LLM API security is not only about hiding an API key. Production AI applications handle user prompts, business data, uploaded documents, tool calls, generated outputs, and provider credentials. Each layer creates risk.

This guide covers the practical security controls every AI engineering team should consider before sending real customer traffic to LLM APIs.

Do not expose provider keys in clients

Never put provider API keys in browser code, mobile apps, desktop clients, or public repositories. Route requests through your backend or an API gateway.

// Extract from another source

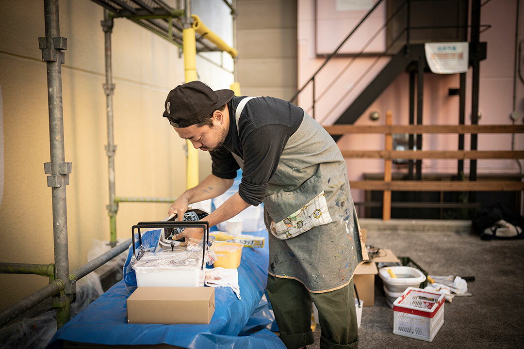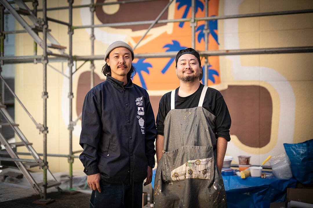 いつもはアトリエにこもって制作をすることが多い2人にとって、JAPAN WALLSのような壁画フェスは特別なひととき。1日の制作が終わったあとのアーティスト同士の交流も普段ない刺激になったそうです。

Your users should receive scoped application keys, not raw provider credentials.

Use scoped keys

Different keys should exist for:

  • development
  • staging
  • production
  • internal services
  • customer accounts
  • partner integrations

Scoped keys make rotation, auditing, and incident response much easier.

Add rate limits

Rate limits protect your product from abuse, bugs, and runaway costs.

Apply limits by:

  • user
  • team
  • API key
  • IP address
  • endpoint
  • model

Rate limits should be visible in logs so support teams can explain failures.

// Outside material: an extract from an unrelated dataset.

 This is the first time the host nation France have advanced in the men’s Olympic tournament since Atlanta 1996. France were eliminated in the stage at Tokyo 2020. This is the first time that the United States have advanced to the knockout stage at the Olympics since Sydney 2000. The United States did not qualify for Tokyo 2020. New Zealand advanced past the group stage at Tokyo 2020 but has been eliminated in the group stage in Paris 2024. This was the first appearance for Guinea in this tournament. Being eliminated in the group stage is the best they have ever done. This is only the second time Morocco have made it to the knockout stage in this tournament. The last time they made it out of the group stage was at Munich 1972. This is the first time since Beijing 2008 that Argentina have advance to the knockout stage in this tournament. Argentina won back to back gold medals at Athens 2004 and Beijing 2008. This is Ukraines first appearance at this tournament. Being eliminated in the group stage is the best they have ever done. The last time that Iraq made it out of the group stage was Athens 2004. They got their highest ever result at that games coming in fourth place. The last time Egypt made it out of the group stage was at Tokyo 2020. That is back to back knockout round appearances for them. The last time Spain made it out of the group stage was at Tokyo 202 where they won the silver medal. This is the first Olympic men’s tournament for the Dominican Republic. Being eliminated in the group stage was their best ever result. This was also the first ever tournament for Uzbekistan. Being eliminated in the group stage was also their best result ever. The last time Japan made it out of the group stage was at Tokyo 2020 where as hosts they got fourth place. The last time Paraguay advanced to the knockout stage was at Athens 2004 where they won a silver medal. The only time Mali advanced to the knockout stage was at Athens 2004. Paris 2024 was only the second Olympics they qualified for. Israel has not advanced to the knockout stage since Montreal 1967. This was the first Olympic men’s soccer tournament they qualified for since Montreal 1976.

Defend against prompt injection

Prompt injection happens when user-controlled text tries to override your instructions or manipulate tools.

Reduce risk by:

  • separating system instructions from user content
  • validating tool calls
  • enforcing permissions outside the model
  • not trusting model output as authority
  • filtering retrieved documents by access rules
  • logging suspicious prompts

The model should not decide what a user is allowed to access.

Redact sensitive data

Prompts and logs may include:

  • passwords
  • API keys
  • customer records
  • emails
  • contracts
  • personal data
  • support tickets

Use redaction before logging, and limit who can view raw prompts.

Monitor usage anomalies

Watch for:

  • sudden token spikes
  • unusual model usage
  • high error rates
  • repeated failed authentication
  • expensive model abuse
  • unexpected regions
  • abnormal prompt length

Security and cost monitoring often overlap in LLM systems.

Final thoughts

Secure LLM apps treat model calls like privileged infrastructure. Centralize keys, enforce access rules outside the model, log carefully, redact sensitive data, and add rate limits before launch.